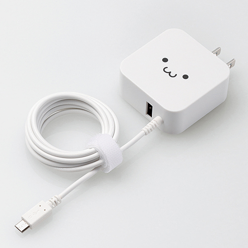 エレコム スマートフォン・タブレット用AC充電器 microBケーブル一体型 2.4A出力 USB-Aメス付 1.5m ホワイトフェイス MPA-ACM01WF 【北海道・沖縄・離島配送不可】
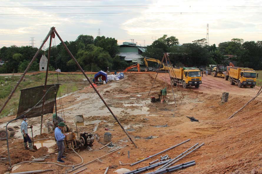 Có mặt bằng, các nhà thầu thi công đã huy động phương tiện, tập kết nguyên vật liệu, nhân công triển khai làm nền, xử lý đất yếu, cải tạo kênh mương… tổng giá trị khối lượng thực hiện đạt 56 tỷ đồng.
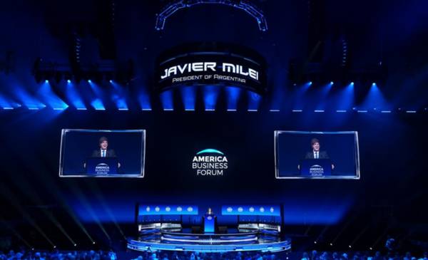 Javier Milei al hablar en el America Business Forum / ap
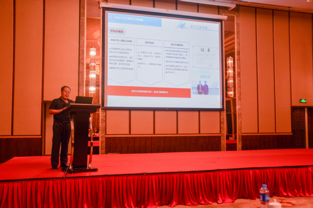 校长助理、规划与发展部部长徐立清以“关于学科点布局与培育建设的若干思考”为题作了专题报告,他以“升格为大学”为中心,从“硕士点和博士点”“教学与科研”“产教融合”三个方面展开,将实现学校“十四五”最重要的战略目标具体化。
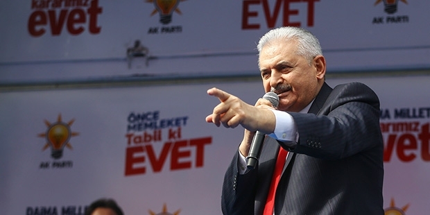 Anayasaya kimlerin karşı çıktığı sorusunu da vatandaşlara saran Başbakan Binali Yıldırım, "15 Temmuz'da asker kılığına girmiş FETÖ teröristleri, bu ülkenin tankını, topunu, tüfeğini uçağını çalarak milletin üzerine ateş ettiler. İnsanları, gözlerini kırpmadan öldürdüler. Bu alçaklara hak ettikleri cevabı pazara günü verecek misiniz? Anayasaya, PKK terör örgütü karşı çıkıyor. Kandil'den avaz avaz bağırıyor 'Aman çok çalışın, evet çıkarsa biteriz' diyorlar. Evet çıkacak, Kandil sönecek. Bu ülkenin artık terör belasından kurtulması lazım. Ülkemizi meşgul eden bu terörden kurtaracağız. Başka kim 'hayır' diyor? FETÖ var gücüyle, PKK ile kol kola girmişler, 'hayır' diyorlar. Bunlar aynı bedenin iki kolu gibi. Bunların yönetimi aynı yerde. Ülkesinin geleceğini, kalkınmasını istemiyorlar. Bu kadar açık söylüyorum. Kardeşliğimize halel getirmek isteyen, yıkmak isteyen şer yuvaları. Başka kim hayır diyor? HDP. HDP zaten PKK'nın güdümüne girmiş. 7 Haziran öncesi İzmir'de 'Türkiye partisi olduk. Türkiye'ye hizmet edeceğiz' diye buradan söz verdiler, o kadar insan bunlara destek verdi, oy verdi. Ne oldu? 8 Haziran'da bizim arkamızda PKK var, Kandil var diye gerçek niyetlerini ortaya koydular. İzmir, devlet, millet, bayrak, vatan için hep duyarlı oldu" dedi.
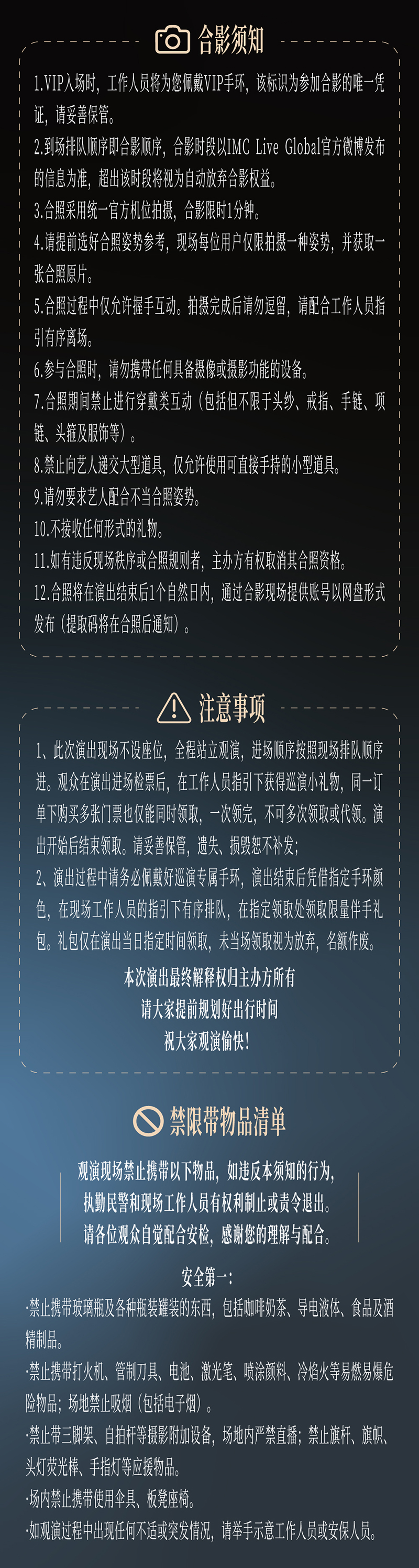 购买前请提前规划好行程,当天确保至少提前一小时到达现场,以免影响您正常观演,感谢您的理解与配合。

§

**EXERCISE AIM:**
The lines to be transcribed are those from the first line of the data above through the line holding "Javier Milei al", inclusive; copy them exactly and only, leaving out the pictures.

**COMPLETED EXERCISE:**
 エレコム スマートフォン・タブレット用AC充電器 microBケーブル一体型 2.4A出力 USB-Aメス付 1.5m ホワイトフェイス MPA-ACM01WF 【北海道・沖縄・離島配送不可】
 Có mặt bằng, các nhà thầu thi công đã huy động phương tiện, tập kết nguyên vật liệu, nhân công triển khai làm nền, xử lý đất yếu, cải tạo kênh mương… tổng giá trị khối lượng thực hiện đạt 56 tỷ đồng.
 Javier Milei al hablar en el America Business Forum / ap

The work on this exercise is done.